The Times then reprises the bizarre neocon
argument that the best way to solve the threat from the Islamic
State, Al Qaeda and other jihadist forces is to eliminate Syrian
President Bashar al-Assad and his military who have been the
principal obstacles to an outright victory by the Sunni terrorist
groups.
The dreamy Times/neocon prescription continues to
be that “regime change” in Damascus would finally lead to the
emergence of the mythical “moderate” rebels who would somehow
prevail over the far more numerous and far better armed extremists.
This perspective ignores the fact that after a $500 million training
project for these “moderates,” the U.S. military says four or five
fighters are now on the battlefield inside Syria. In other words,
the members of this U.S.-trained brigade can be counted on the
fingers of one hand.
But rather than rethink Official Washington’s
goofy “group think” on Syria – or provide readers a fuller history
of the Syrian conflict – the Times moves on to blame Putin for the
mess.
“No one should be fooled about Russia’s
culpability in Syria’s agony,” the Times writes. “Mr. Putin could
have helped prevent the fighting that has killed more than 250,000
Syrians and displaced millions more, had he worked with other major
powers in 2011 to keep Mr. Assad from waging war on his people
following peaceful antigovernment protests. … Mr. Assad would
probably be gone without the weapons aid and other assistance from
Russia and Iran.”
This “group think” ignores the
early role of Sunni extremists in killing police and soldiers
and thus provoking the harsh retaliation that followed. But the
Syrian narrative, according to The New York Times, is that the
“white-hat” protesters were simply set upon by the “black-hat”
government.
The Times’ simplistic storyline fits neatly with
what the influential neoconservatives want the West to believe,
since the
neocons have had Syria on their “regime change” list,
alongside Iraq and Iran, since the list was compiled as part of
Israeli leader Benjamin Netanyahu’s 1996 political campaign. The
Times’ narrative also leaves out the crucial role of Turkey, Saudi
Arabia, Qatar and other U.S. “allies” in supporting Al Qaeda and its
Islamic State spinoff.
Bush’s Unaccounted-for Cash
Further complicating Official Washington’s
let’s-blame-Putin Syrian narrative is the unintended role of
President George W. Bush and the U.S. military in laying the
groundwork for these brutal Sunni extremist movements through the
invasion of Iraq last decade. After all, it was only in reaction to
the U.S. military presence that “Al Qaeda in Iraq” took root in
Iraqi and then Syrian territory.
Not only did the ouster and execution of Sunni
leader Saddam Hussein alienate the region’s Sunnis, but Bush’s
desperation to avert an outright military defeat in Iraq during his
second term led him to authorize the payment of billions of dollars
to Sunni fighters to get them to stop shooting at American soldiers
and to give Bush time to negotiate a U.S. troop withdrawal.
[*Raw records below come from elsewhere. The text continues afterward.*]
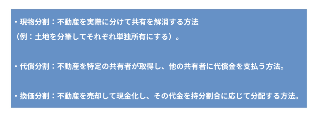 これは、共有状態を解消するために認められている法的手続きで、以下のような方法により共有状態を解消することができます。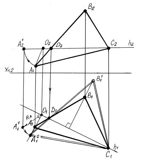 друг с другом и с неподвижной вершиной С1, получаем горизонтальную проекцию треугольника. Эта проекция определяет натуральную величину треугольника АВС;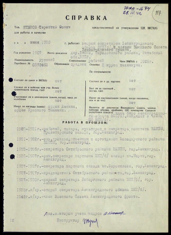 | Заголовок | Постановление ГКО СССР № 1674 о введении Штыкова Т. Ф. в состав Военного совета Ленинградского фронта, с приложением записки Кузнецова Ф. Ф. Сталину И. В., шифротелеграммы Жданова А. А., Кузнецова А. А., Гусева Д. Н., Соловьева Н. В. Сталину И. В. и справки-объективки |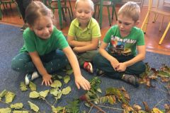 Dzieci słuchały ciekawych opowiadań o drzewach, wykonały różnymi technikami mnóstwo prac plastycznych, uczestniczyły w zabawach i zajęciach, podczas których nie tylko poznawały i rozróżniały różne gatunki drzew, ich owoce i nasiona, ale też uczyły się liczyć, tworzyć rytmy z wykorzystaniem darów jesieni, poznawać zjawiska przyrodnicze (np. opadanie liści z drzew), właściwie korzystać z dóbr przyrody, układały historyjki, rozwiązywały zagadki, śpiewały i tańczyły. O szacunku dla drzew i wyjątkowym świętowaniu tego dnia świadczyły zielone stroje przedszkolaków. Wszystkie grupy tego dnia wybrały się na spacer, aby obserwować przyrodę oraz wielobarwność otaczającej nas jesieni i zrobiliśmy wspólne pamiątkowe zdjęcie.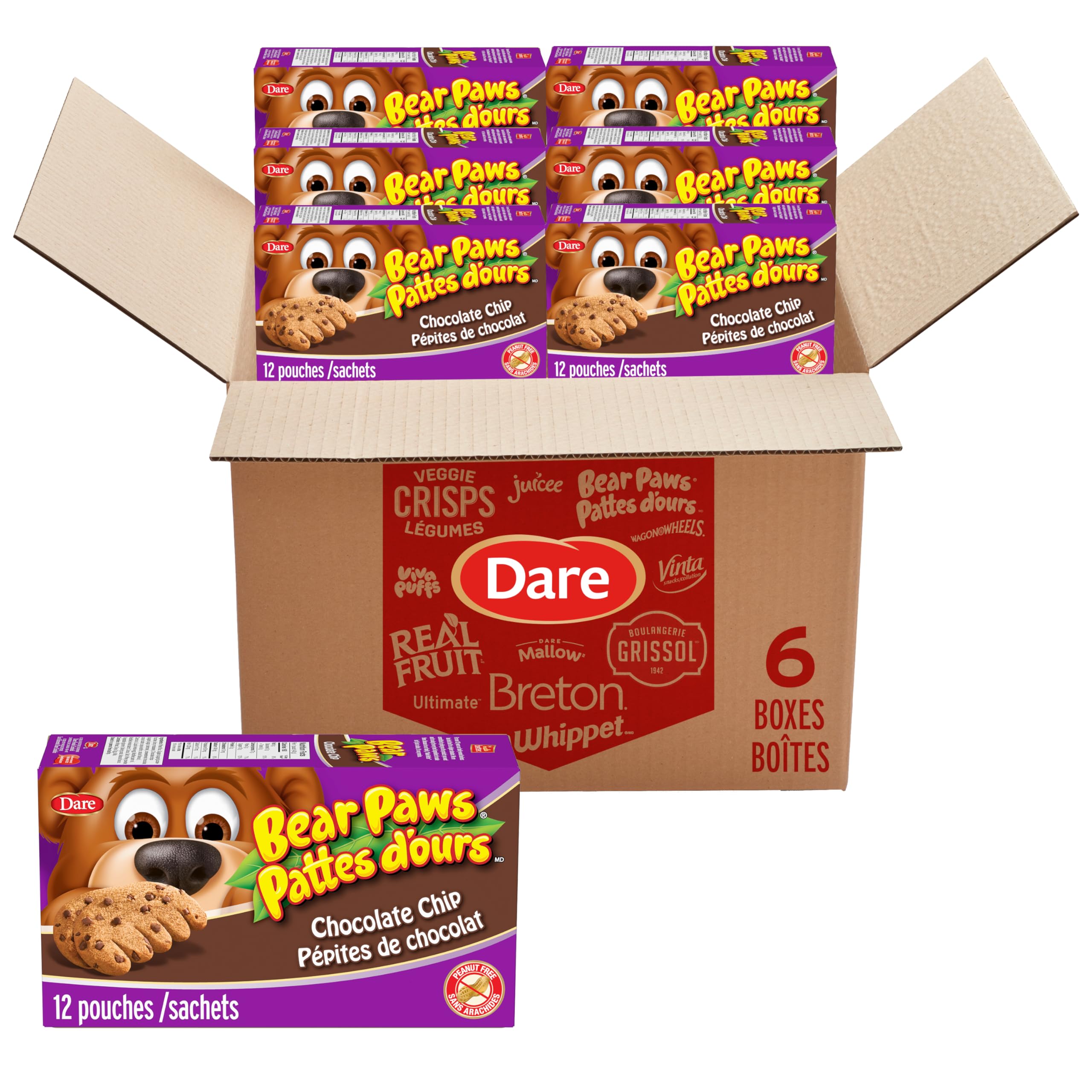 Kids love Bear Paws Chocolate Chip cookies, and parents do too! That’s because each soft cookie is made better with real chocolate chips and no artificial colours, flavours or sweeteners. These delicious cookies are wrapped two per pouch, so they stay moist and chewy. You can pack them in the lunch box for an easy snack, enjoy them at home or on the go. Bear Paws Chocolate Chip cookies are peanut-free. Pack of 6 boxes of 12 pouches in each box, 72 pouches total.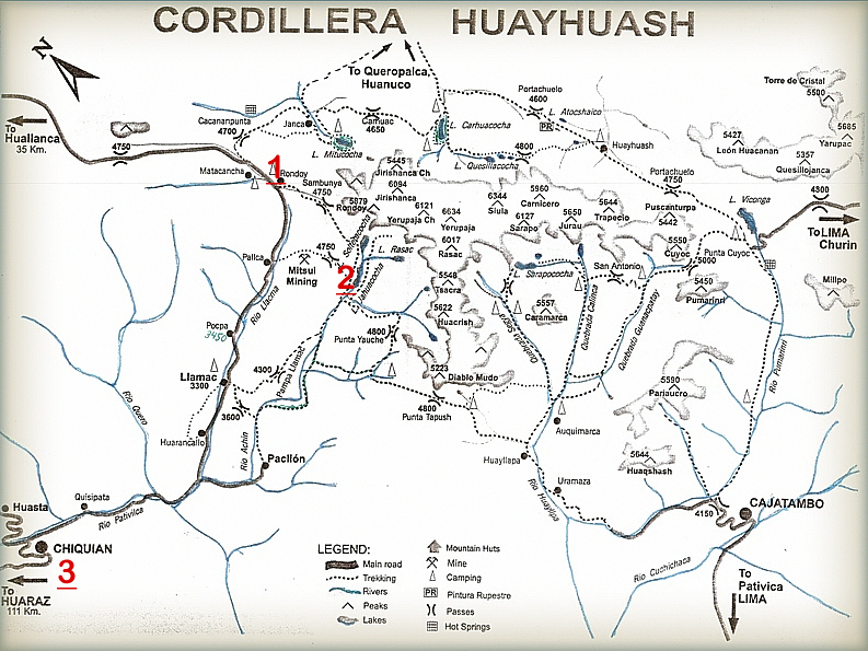 Salida de en de Huaraz a la Ciudad de Chiquián (3400), luego nos dirigimos con destino a Llamac (3250) donde llegaremos a las 9:00 a.m. en este lugar nos espera los burro quienes se encargaran en trasladar nuestros equipaje de campamento como personal y estos son conducido por los arriero, saldemos de Llamac (3250) a Rondoy (3900) Caminata de 6 - 7 horas, se observan los primeros nevados como el Ninashanca. En trayecto pasaremos por los pueblos Pocpa, campamento de la mina Pallca. Llegada al campamento Rondoy (4.000m.)

Beginning in 2006, those U.S. payments to Sunni
fighters to get them to suspend their resistance were central to
what was then called the “Sunni Awakening.” Though the program
preceded Bush’s “surge” of troops in 2007, the bought-and-paid-for
truce became central to what Official Washington then hailed as the
“successful surge” or “victory at last.”
Besides the billions of dollars paid out in
pallets of U.S. cash to Sunni insurgents, Bush’s “surge” cost the
lives of another 1,000 U.S. soldiers and killed a countless number
of Iraqis, many just going about their daily lives until they were
blown apart by powerful American munitions. [See, for example, the “Collateral
Murder” video leaked by Pvt. Bradley/Chelsea Manning]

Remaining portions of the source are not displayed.